Wakil tetua luar menahan amarahnya, posisi patriark Xiao sejajar dengan patriark sekte Pedang Langit, tentu saja Ia akan mendengarnya. "Maafkan aku patriark, tapi curiga dengan orang ini, lihat saja jubahnya yang hitam, mengingatkanku pada orang-orang berpakaian hitam."
"Kenapa tidak kau tangkap saja orang yang memakai jubah hitam? aku lihat di pusat kota juga ada yang menjual dan memakainya" sahut Ye Chen.
Wajah wakil tetua luar memerah menahan marah, sebenarnya itu hanya alasan dia saja. Ketika melihat Ye Chen Ia ingat ciri-ciri yang disebutkan dua orang murid sekte yang terluka dan semua itu terlihat jelas pada Ye Chen.
Tapi Ia tak bisa berbuat apa-apa dengan adanya patriark Xiao di tempat ini.
Sementara itu Ye Chen sudah berada di dekat Jiang Kun yang duduk bersama seorang anak kecil berusia sepuluh tahun. "Tuan Ye, kenalkan, ini anakku Jiang Ji.

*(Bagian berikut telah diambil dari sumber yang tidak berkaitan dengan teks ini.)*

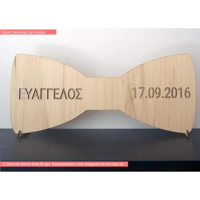 Ξύλινο μεγάλο παπιγιόν με όνομα

"Salam tuan." sapa Jiang Ji mengatupkan dua tinjunya dengan sopan.
Ye Chen mengusap kepala Jiang Ji, "Jadilah anak yang baik, ingat kau masih memiliki seorang ayah, belajar yang baik jangan buat ayahmu sedih."
"Baik tuan." ucap Jiang Ji dengan mata yang masih berkaca-kaca.
"Jiang Kun, apa tak mau menunggu yang lain? mungkin saja masih ada yang selamat."
Jiang Kun menggelang, "Rasanya tidak mungkin, Ji'er sudah menceritakan semuanya. Tak ada yang selamat lagi."
"Baiklah, kita kembali." Ye Chen, Jiang Kun, He Liang ditambah Jiang Ji berjalan bersama menaiki perahu terbang.
Tak lama kemudian patriark Xiao juga naik, tak ada yang bisa mereka lakukan lagi di sini.
Semua perwakilan sekte mengantar patriark Xiao dengan ramah, terlihat seperti menjilat dengan mata besar dan senyum lebar. Hanya wakil tetua luar yang menatap perahu terbang dengan tatapan penuh dendam. Baru kali ini ada yang berani mengacuhkannya.
"Tunggu saja," ucapnya sambil mengeluarkan aura membunuh tapi tak berani mengarahkan langsung ke perahu terbang.